How do you suppose the various dictatorships in the region got to power and stayed there, eh? OBL explained the arab mentality fairly well. They will always be beholden to "the strong horse".
As to Iraqi civilian losses in the neigborhood of an IED attack against a vehicle(American, Iraqi, or otherwise), the word ought to pass among Iraqis that way, to
A) not find themselves near assholes setting off IEDs and
B) report assholes setting up IEDs
so that
C) they and their stuff(if they live near an IED being set up, or near assholes doing asshole things) don't get shot up
This is going to be a very long struggle, transforming this tribal, islam infected place into something with a sense of civic involvement in the greater good, involving lots more violence directed at suppressing assholery.

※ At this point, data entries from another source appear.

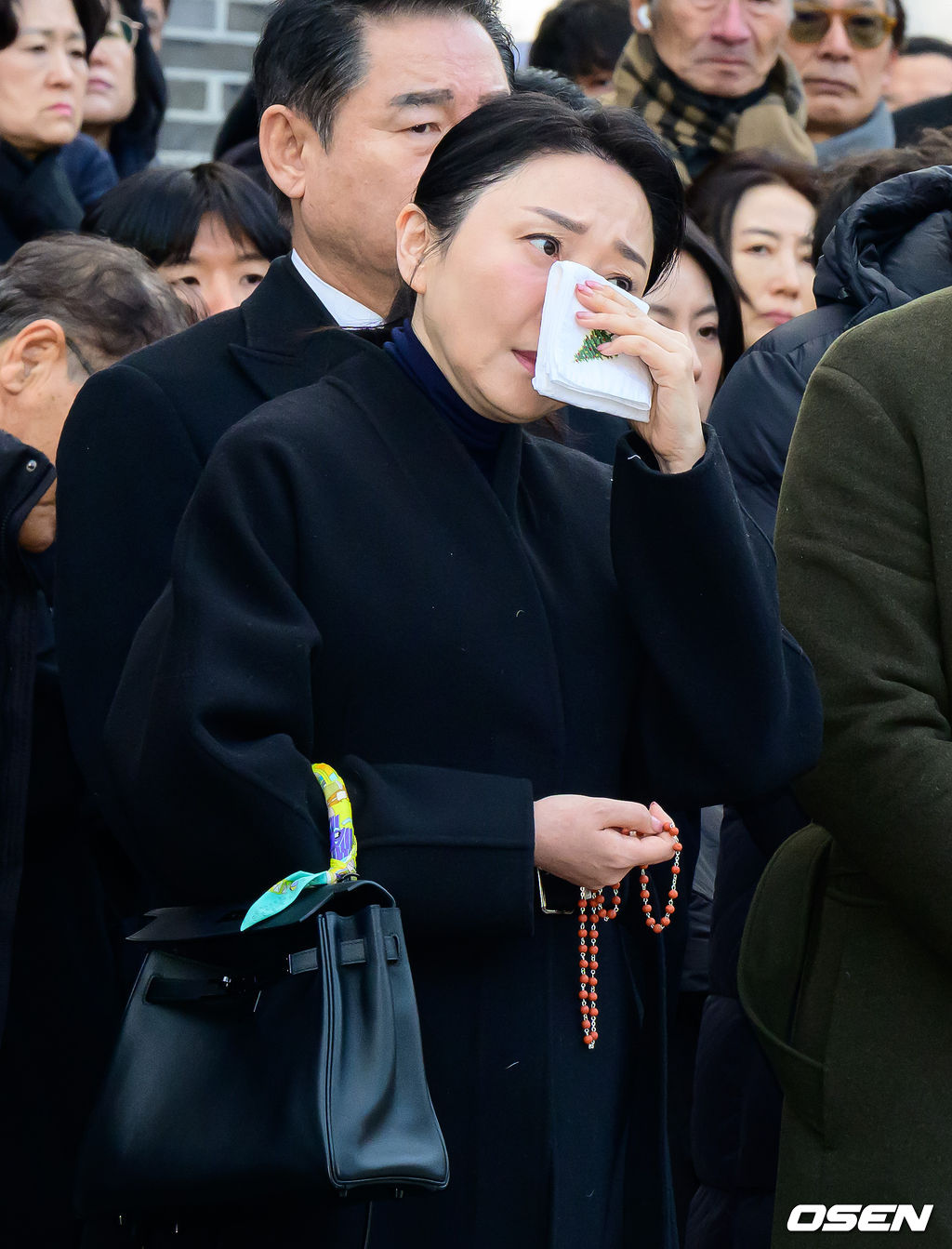 배우 김나운이 장례 미사를 마치고 영결식장으로 이동하고 있다. 2026.01.09 /jpnews@osen.co.kr
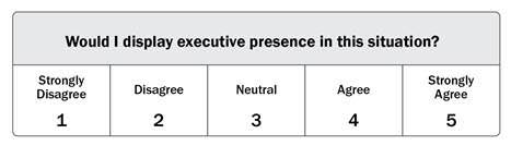 For each of these 10 common scenarios where leaders need to display executive presence, rate with this assessment how well you display executive presence.
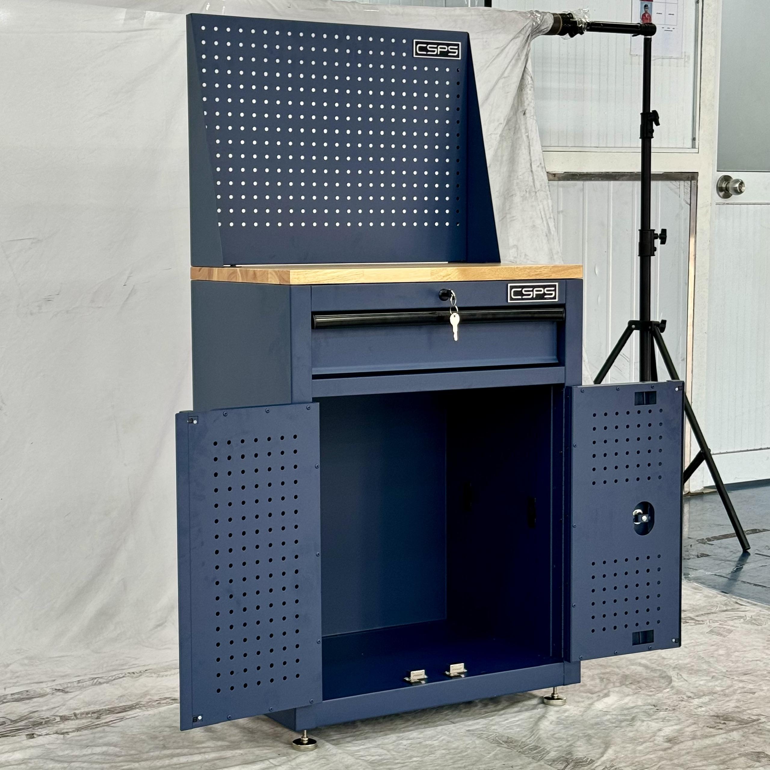 Tủ dụng cụ CSPS 61cm - 01 hộc kéo màu xanh dương kèm ván gỗ vách lưới và chân tăng chỉnh
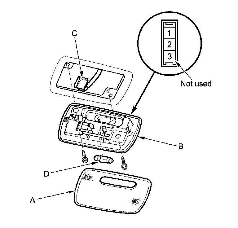 6. If the continuity is not as specified, check the bulb (D). If the bulb is OK, replace the ceiling light.
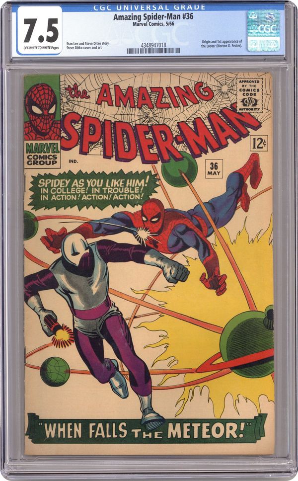Cover by Steve Ditko. When Falls the Meteor!, script by Steve Ditko (plot) and Stan Lee (script), art by Steve Ditko; A strange meteor gives Norton Fester incredible strength and agility. He uses these new powers to become the Looter to fund his scientific research. Reprinted in Marvel Tales # 28 and 175. 36 pgs., full color. $0.12. Cover price $0.12. Grade: CGC 7.5 explanation of grade Condition: Used (collectible)
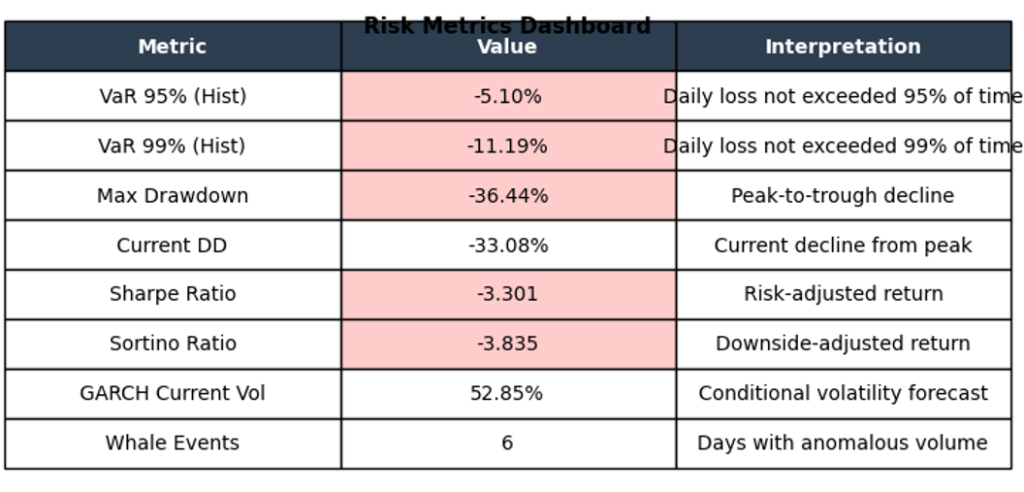 (c) Arbitrage de volatilité. […] des « Strangles » larges pour capturer la décroissance de la volatilité post-capitulation, étant donné le half-life du GARCH estimé à 2 jours.

You ask if such methods as the above have every worked anywhere, well, the proper answer is that pussyfooting around and whining NEVER works. What will work with the worst assholes among arab populations, is imposing a different order by force, massive, impressive, continuous presence of overwhelming force. The population ends up backing the strong horse.
"Islam infected?" Is that anything like the Catholic disease? Exactly what kind of "democracy" are we helping to install? Oh yes, the one without the First Amendment. I wonder what you'd do if someone invaded your country to steal your only resource. And how exactly do we keep funding the entire Middle East management as we fall apart at home? Like our leaders, your strategy is backwards, dishonest, and destined to fail
you are right as far as it goes..but consider this:
A rational objective to any war should be the elimination of the leadership that has instituted the threat, yet we make war againts the populations, try to understand the signifcance of that.
The hoax I refer to in my other posts is this policy..as far as nation building that mission seems to not fit a military.
A cruel leader would smile knowing his enemies will kill his citizens before going for him..however if he knew he was the 1st target well things change.
The elites of the world have been insulated from their actions for far too long.
Iraq needs a "srong horse", then. Like Saddam.
Why are we in Iraq, again?
The ENTIRE point is create a tactical baseline where the US forces have a killfire advantage.. the US Army wants to fight an urban guerrila war, with bigger guns, bombs and better armour - in lieu of surrendering terriatory. This is a Tactical operations doctrine, not neccesarily the Strategic goal. I don't like it either, but the reality is that the US Army is hamstrung by its own lack of clear purpose, in terms of any conclusive resolution to an end of violence... western military doctrine has a history born out of Pig Farming, how this is supposed to be a dominant culture is probably why the birth rate is so low.